Identifying unused indices
The following query will identify unused indexes on worker nodes for a given
distributed table (my_distributed_table
)
SELECT *
FROM run_command_on_shards('my_distributed_table', $cmd$
SELECT array_agg(a) as infos
FROM (
SELECT (
schemaname || '.' || relname || '##' || indexrelname || '##'
|| pg_size_pretty(pg_relation_size(i.indexrelid))::text
|| '##' || idx_scan::text
) AS a
FROM pg_stat_user_indexes ui
JOIN pg_index i
ON ui.indexrelid = i.indexrelid
WHERE NOT indisunique
AND idx_scan < 50
AND pg_relation_size(relid) > 5 * 8192
AND (schemaname || '.' || relname)::regclass = '%s'::regclass
ORDER BY
pg_relation_size(i.indexrelid) / NULLIF(idx_scan, 0) DESC nulls first,
pg_relation_size(i.indexrelid) DESC
) sub
$cmd$);
Example output:
┌─────────┬─────────┬───────────────────────────────────────────────────────────────────────┐
│ shardid │ success │ result │
├─────────┼─────────┼───────────────────────────────────────────────────────────────────────┤
│ 102008 │ t │ │
│ 102009 │ t │ {"public.my_distributed_table_102009##some_index_102009##28 MB##0"} │
│ 102010 │ t │ │
│ 102011 │ t │ │
└─────────┴─────────┴───────────────────────────────────────────────────────────────────────┘
Monitoring client connection count
The following query counts the connections open on the coordinator, and groups them by type.
SELECT state, count(*)
FROM pg_stat_activity
GROUP BY state;
Example output:
┌────────┬───────┐
│ state │ count │
├────────┼───────┤
│ active │ 3 │
│ idle │ 3 │
│ ∅ │ 6 │
└────────┴───────┘
Viewing system queries
Active queries
The pg_stat_activity
view shows which queries are currently executing. You
can filter to find the actively executing ones, along with the process ID of
their backend:
SELECT pid, query, state
FROM pg_stat_activity
WHERE state != 'idle';
Why are queries waiting
We can also query to see the most common reasons that non-idle queries that are waiting. For an explanation of the reasons, check the PostgreSQL documentation.

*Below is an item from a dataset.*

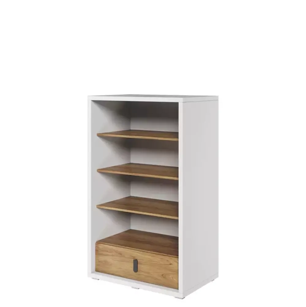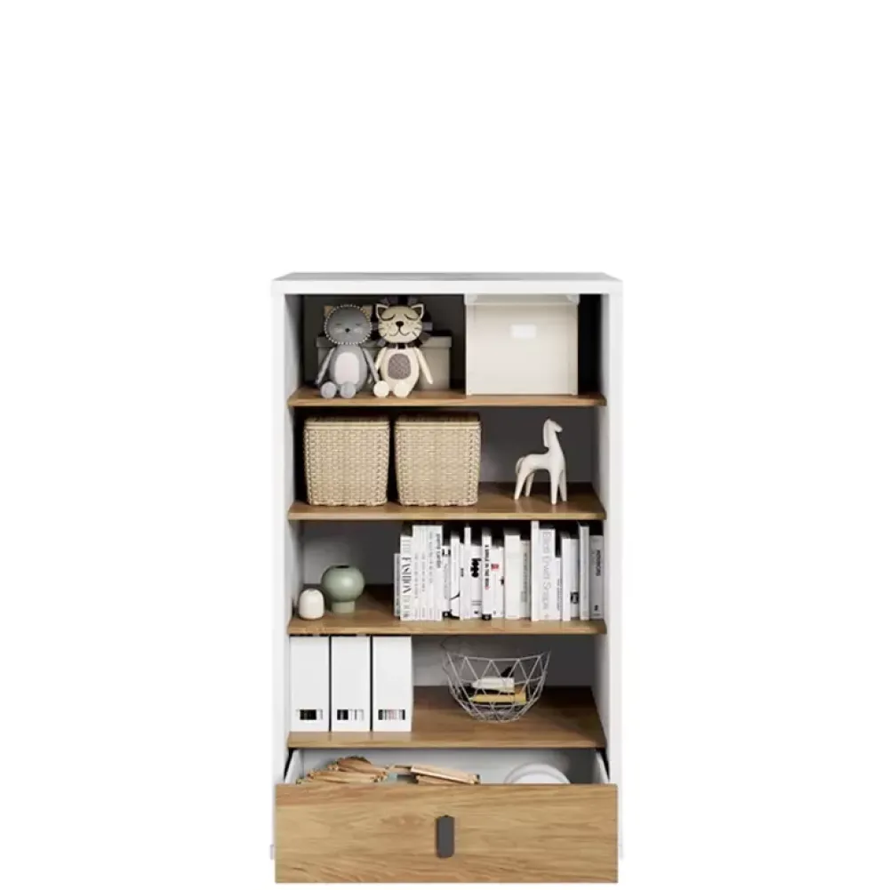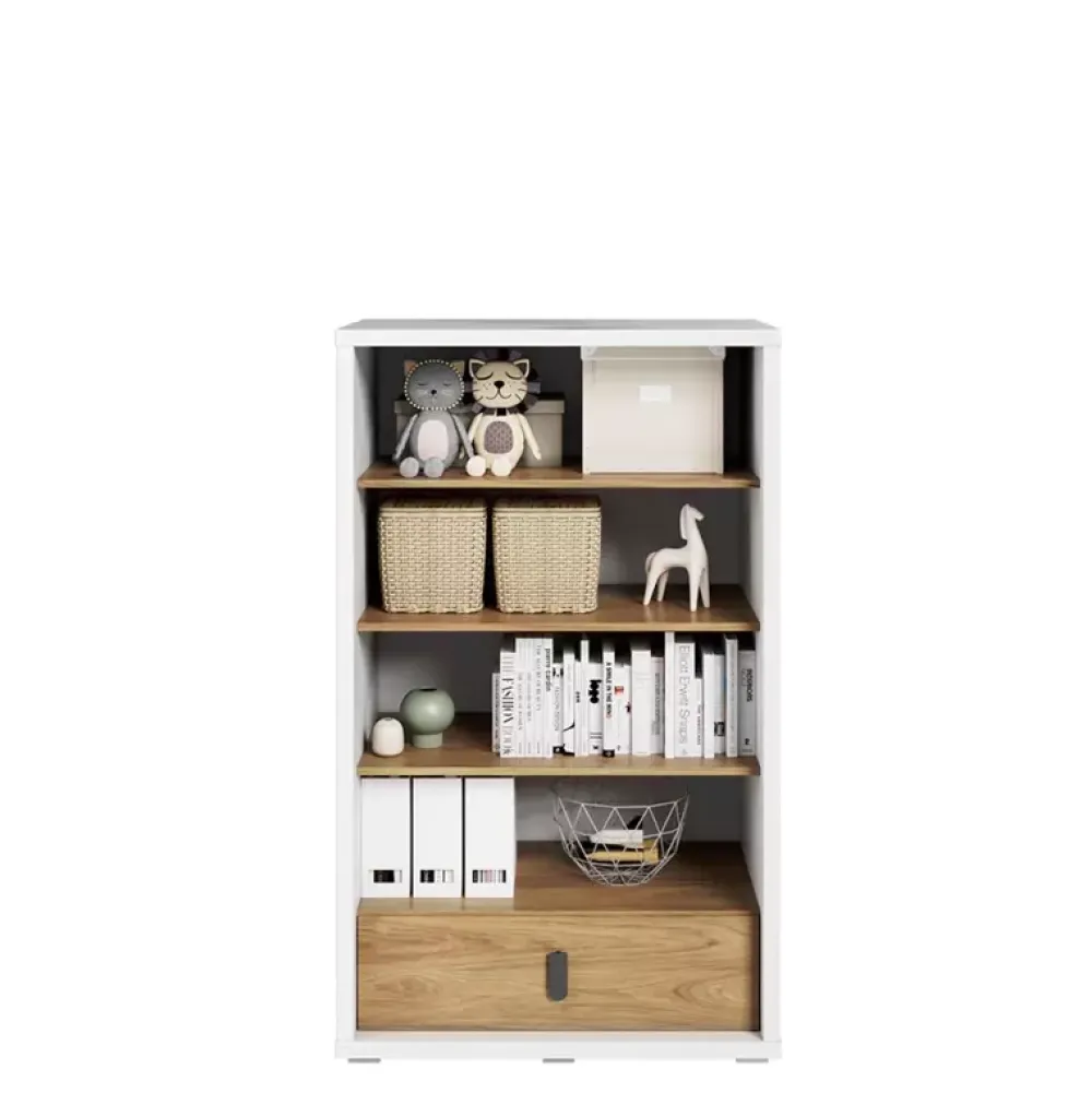 Regał do pokoju dziecięcego SIMI został wyposażony w trzy półki, które doskonale sprawdzą się do umieszczenia książek oraz rozmaitych akcesoriów w postaci dekorów oraz książek. Regał dziecięcy posiada również szufladę osadzoną na prowadnicach kulkowych, która znajduje się u dołu. Dodatkowo uchwyt szuflady został wykonany z metalu w czarnym kolorze. Natomiast wykonanie w nowoczesnej stylistyce sprawia, że regał na książki doskonale wpisuje się we współczesne trendy wystroju pokoi dziecięcych.

SELECT wait_event || ':' || wait_event_type AS type, count(*) AS number_of_occurences
FROM pg_stat_activity
WHERE state != 'idle'
GROUP BY wait_event, wait_event_type
ORDER BY number_of_occurences DESC;
Example output when running pg_sleep
in a separate query concurrently:
┌─────────────────┬──────────────────────┐
│ type │ number_of_occurences │
├─────────────────┼──────────────────────┤
│ ∅ │ 1 │
│ PgSleep:Timeout │ 1 │
└─────────────────┴──────────────────────┘
Index hit rate
This query will provide you with your index hit rate across all nodes. Index hit rate is useful in determining how often indices are used when querying. A value of 95% or higher is ideal.
-- on coordinator
SELECT 100 * (sum(idx_blks_hit) - sum(idx_blks_read)) / sum(idx_blks_hit) AS index_hit_rate
FROM pg_statio_user_indexes;
-- on workers
SELECT nodename, result as index_hit_rate
FROM run_command_on_workers($cmd$
SELECT 100 * (sum(idx_blks_hit) - sum(idx_blks_read)) / sum(idx_blks_hit) AS index_hit_rate
FROM pg_statio_user_indexes;
$cmd$);
Example output:
┌───────────┬────────────────┐
│ nodename │ index_hit_rate │
├───────────┼────────────────┤
│ 10.0.0.16 │ 96.0 │
│ 10.0.0.20 │ 98.0 │
└───────────┴────────────────┘
Cache hit rate
Most applications typically access a small fraction of their total data at once. PostgreSQL keeps frequently accessed data in memory to avoid slow reads from disk. You can see statistics about it in the pg_statio_user_tables view.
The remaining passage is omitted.